Go to the line holding "признана одной из" in the data below and repeat it exactly, then each line after it up to and including the one holding "Find X8では大型の円形". Omit pictures.

Data supplied ▸
━━━━━━━━━━

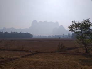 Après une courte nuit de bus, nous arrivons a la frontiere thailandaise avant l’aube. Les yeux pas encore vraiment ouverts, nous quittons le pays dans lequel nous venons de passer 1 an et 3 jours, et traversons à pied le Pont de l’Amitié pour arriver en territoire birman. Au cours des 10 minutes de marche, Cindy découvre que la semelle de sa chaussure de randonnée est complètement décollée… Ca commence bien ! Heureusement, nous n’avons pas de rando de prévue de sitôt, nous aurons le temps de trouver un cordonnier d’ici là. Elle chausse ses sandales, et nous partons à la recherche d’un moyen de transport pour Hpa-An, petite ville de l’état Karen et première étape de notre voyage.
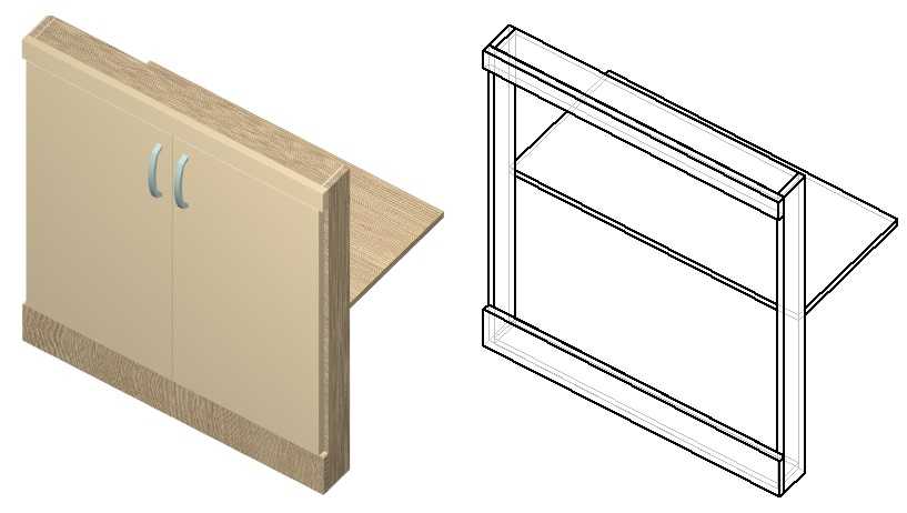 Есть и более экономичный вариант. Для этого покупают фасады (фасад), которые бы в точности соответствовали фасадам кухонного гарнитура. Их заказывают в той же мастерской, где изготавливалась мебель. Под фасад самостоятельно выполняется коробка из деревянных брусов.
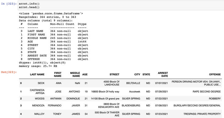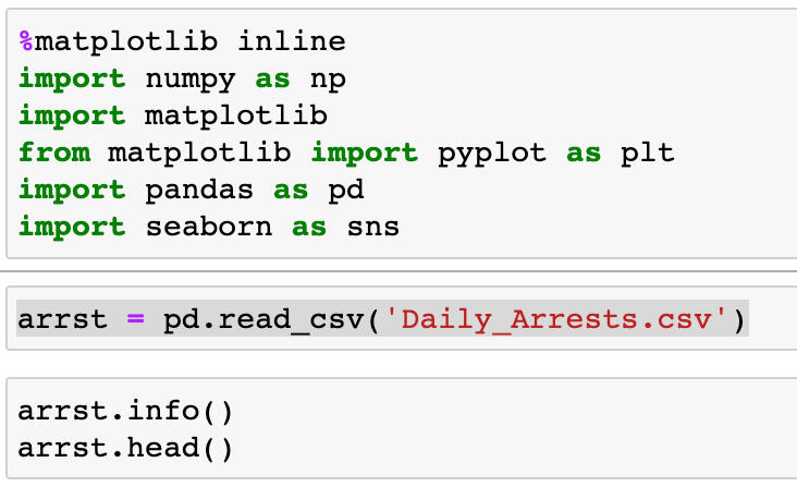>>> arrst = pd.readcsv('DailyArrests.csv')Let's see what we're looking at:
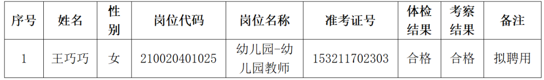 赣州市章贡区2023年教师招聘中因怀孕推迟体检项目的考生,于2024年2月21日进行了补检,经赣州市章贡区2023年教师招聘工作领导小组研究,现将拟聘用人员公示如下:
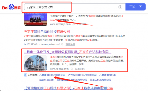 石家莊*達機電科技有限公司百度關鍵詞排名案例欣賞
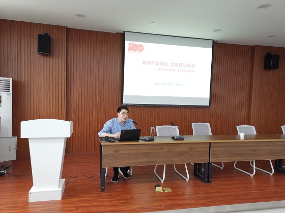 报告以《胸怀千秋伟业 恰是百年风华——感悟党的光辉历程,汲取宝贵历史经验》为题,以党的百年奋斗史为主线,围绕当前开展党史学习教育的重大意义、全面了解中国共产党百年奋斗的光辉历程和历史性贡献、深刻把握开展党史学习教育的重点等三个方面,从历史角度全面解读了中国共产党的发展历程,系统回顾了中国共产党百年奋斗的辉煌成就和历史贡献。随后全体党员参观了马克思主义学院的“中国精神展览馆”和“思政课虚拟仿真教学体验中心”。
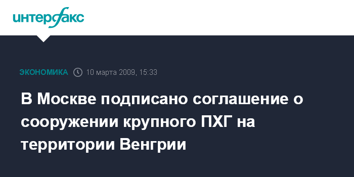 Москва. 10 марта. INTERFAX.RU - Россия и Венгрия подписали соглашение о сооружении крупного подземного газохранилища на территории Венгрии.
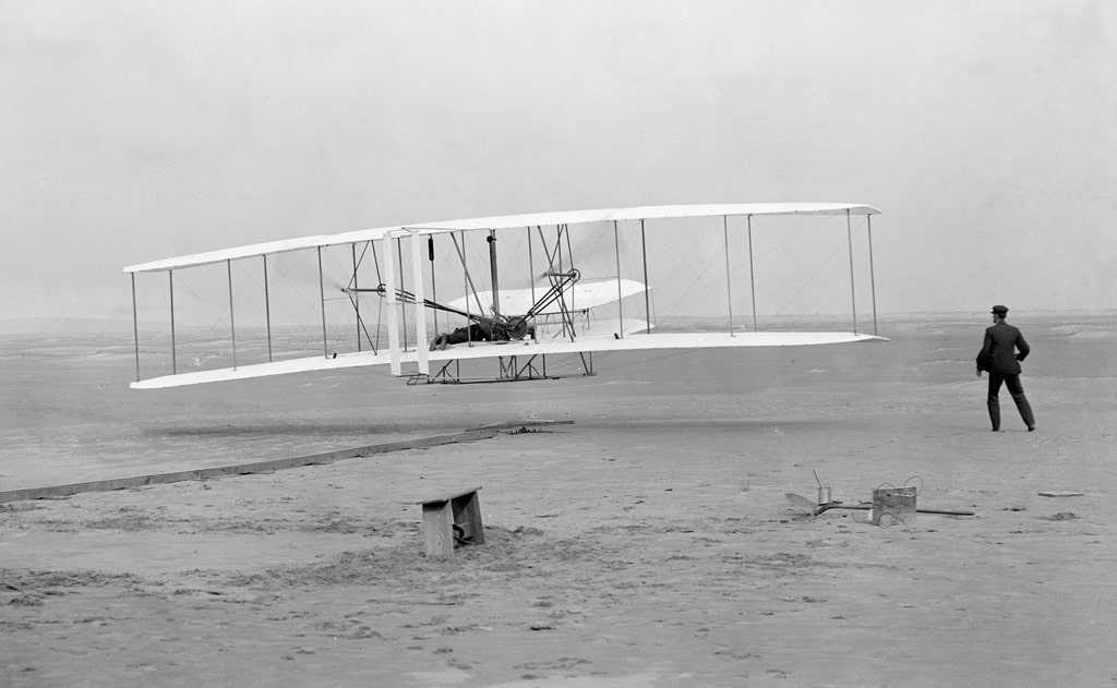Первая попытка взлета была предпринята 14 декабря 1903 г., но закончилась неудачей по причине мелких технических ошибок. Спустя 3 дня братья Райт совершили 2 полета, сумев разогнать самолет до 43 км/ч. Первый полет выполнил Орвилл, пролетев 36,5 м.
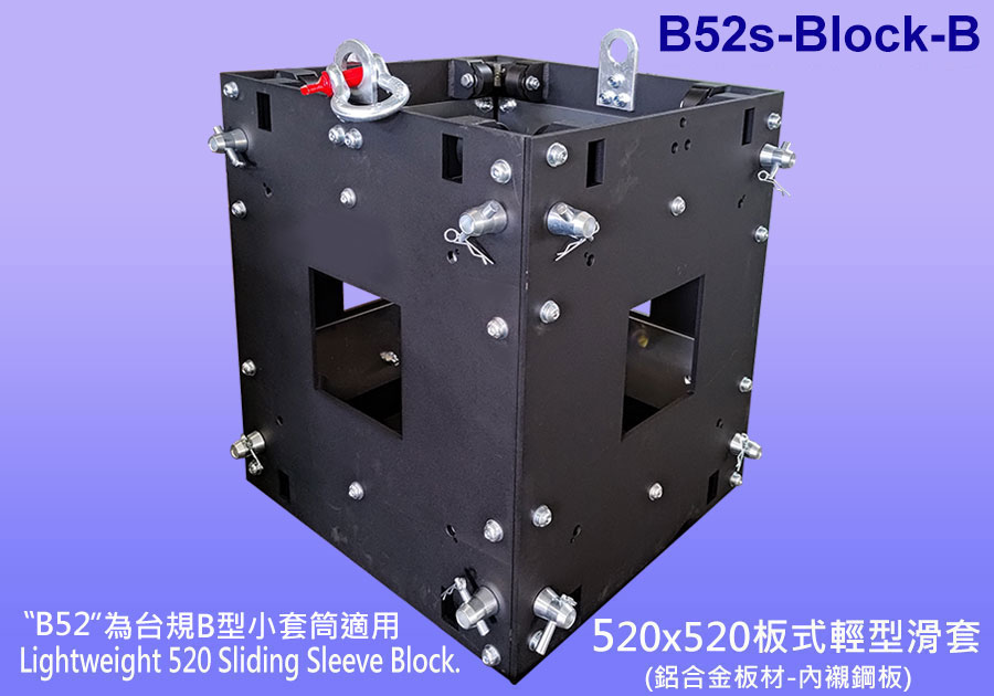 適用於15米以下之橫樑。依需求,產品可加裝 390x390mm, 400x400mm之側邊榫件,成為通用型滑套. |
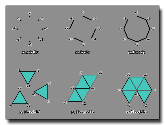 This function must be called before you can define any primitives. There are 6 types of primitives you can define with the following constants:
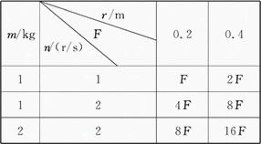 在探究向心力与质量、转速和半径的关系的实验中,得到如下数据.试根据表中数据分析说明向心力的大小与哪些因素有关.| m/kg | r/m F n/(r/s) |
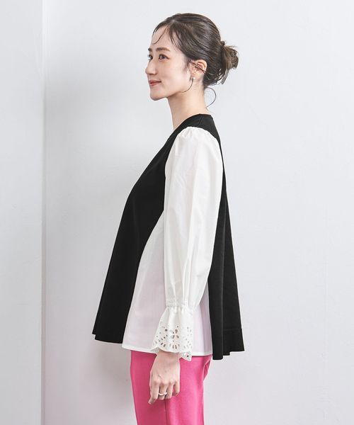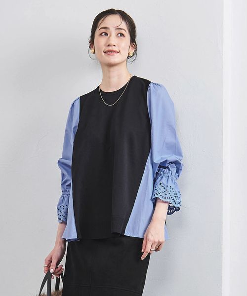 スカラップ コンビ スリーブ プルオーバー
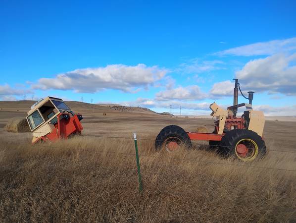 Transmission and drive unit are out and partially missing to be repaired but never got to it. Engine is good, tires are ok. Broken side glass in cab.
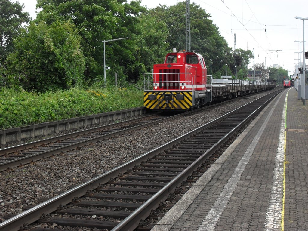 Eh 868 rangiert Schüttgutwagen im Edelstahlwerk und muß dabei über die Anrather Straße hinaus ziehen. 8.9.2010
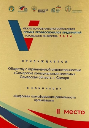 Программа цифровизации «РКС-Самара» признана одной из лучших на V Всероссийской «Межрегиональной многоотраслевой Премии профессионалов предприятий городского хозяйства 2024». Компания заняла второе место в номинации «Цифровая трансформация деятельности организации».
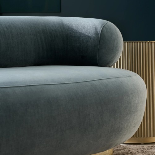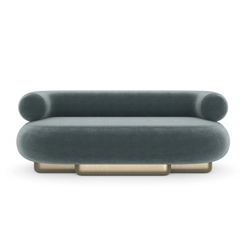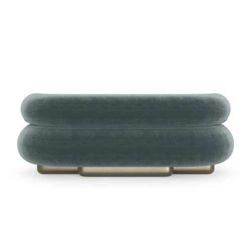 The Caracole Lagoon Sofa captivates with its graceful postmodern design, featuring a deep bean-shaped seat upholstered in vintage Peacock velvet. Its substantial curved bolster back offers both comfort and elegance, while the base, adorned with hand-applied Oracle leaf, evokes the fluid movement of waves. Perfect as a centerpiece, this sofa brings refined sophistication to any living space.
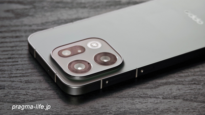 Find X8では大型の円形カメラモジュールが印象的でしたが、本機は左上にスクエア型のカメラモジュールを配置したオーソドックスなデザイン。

━━━━━━━━━━

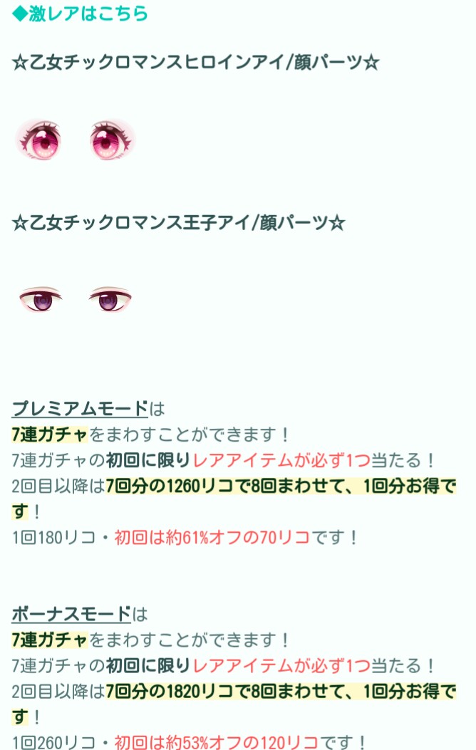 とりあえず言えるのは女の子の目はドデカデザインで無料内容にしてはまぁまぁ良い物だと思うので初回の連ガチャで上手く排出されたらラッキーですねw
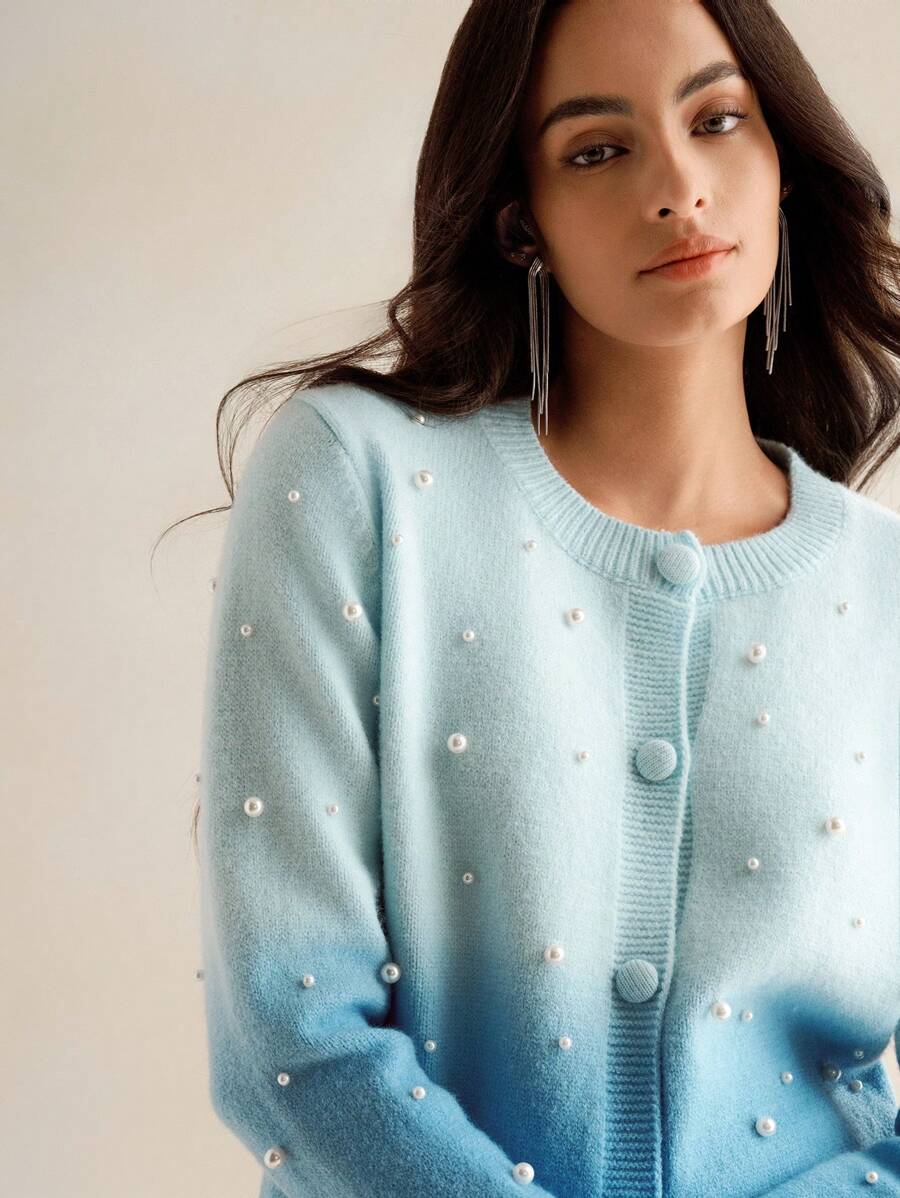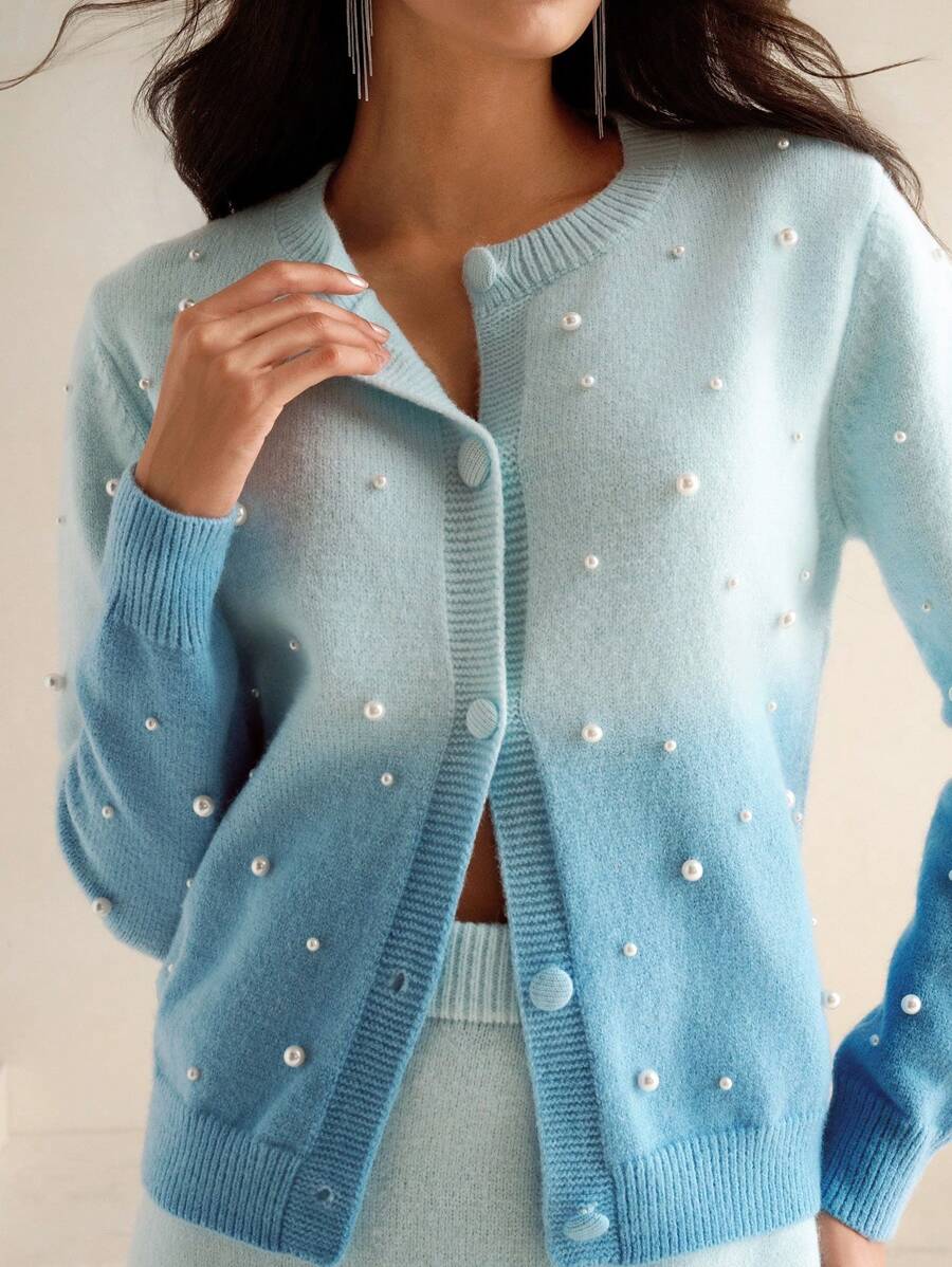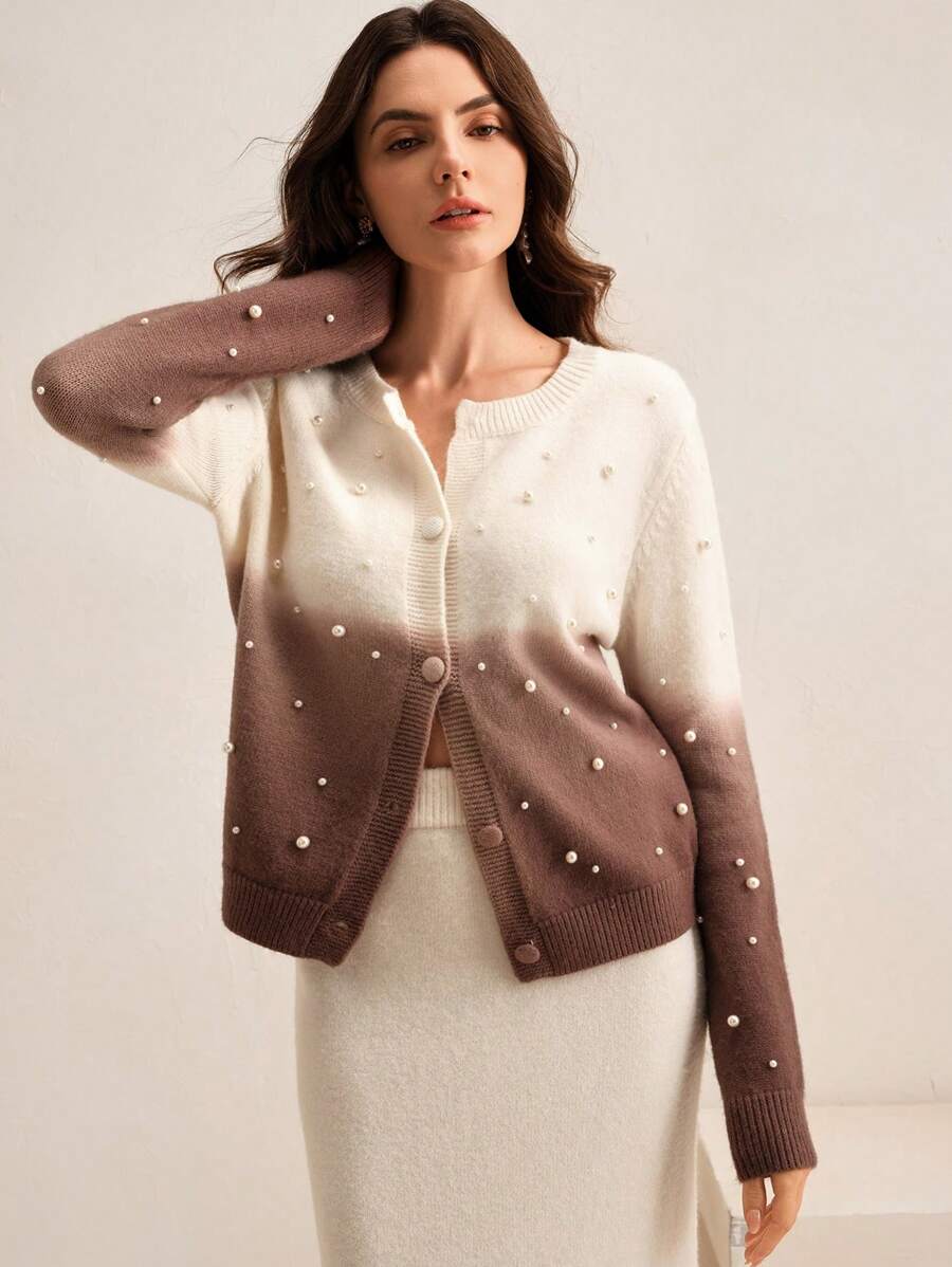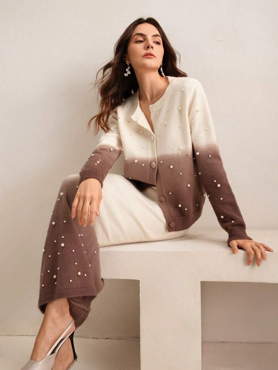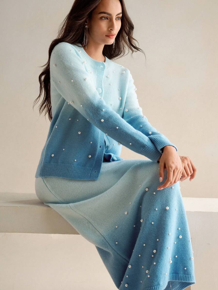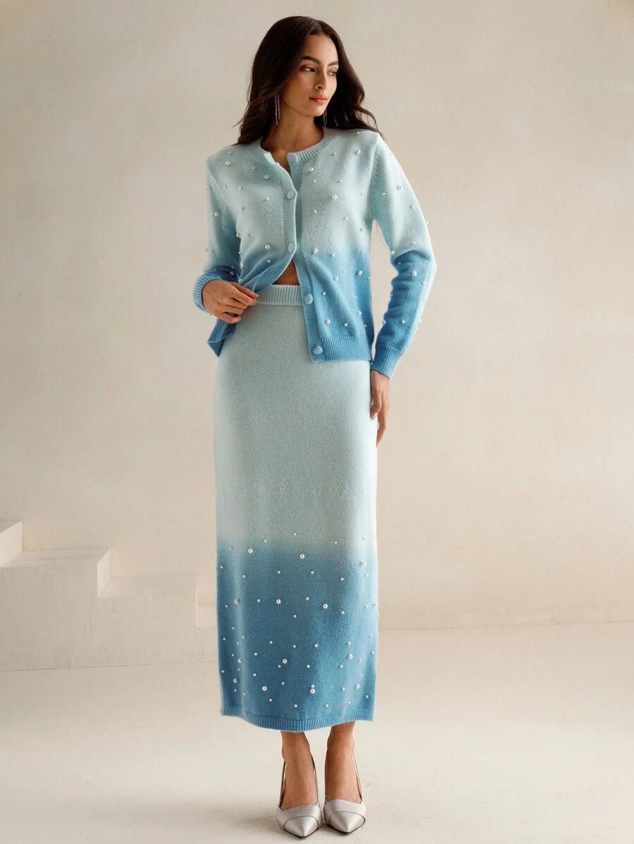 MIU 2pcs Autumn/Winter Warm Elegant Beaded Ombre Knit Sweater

━━━━━━━━━━

Expected answer ▸
 Программа цифровизации «РКС-Самара» признана одной из лучших на V Всероссийской «Межрегиональной многоотраслевой Премии профессионалов предприятий городского хозяйства 2024». Компания заняла второе место в номинации «Цифровая трансформация деятельности организации».
 The Caracole Lagoon Sofa captivates with its graceful postmodern design, featuring a deep bean-shaped seat upholstered in vintage Peacock velvet. Its substantial curved bolster back offers both comfort and elegance, while the base, adorned with hand-applied Oracle leaf, evokes the fluid movement of waves. Perfect as a centerpiece, this sofa brings refined sophistication to any living space.
 Find X8では大型の円形カメラモジュールが印象的でしたが、本機は左上にスクエア型のカメラモジュールを配置したオーソドックスなデザイン。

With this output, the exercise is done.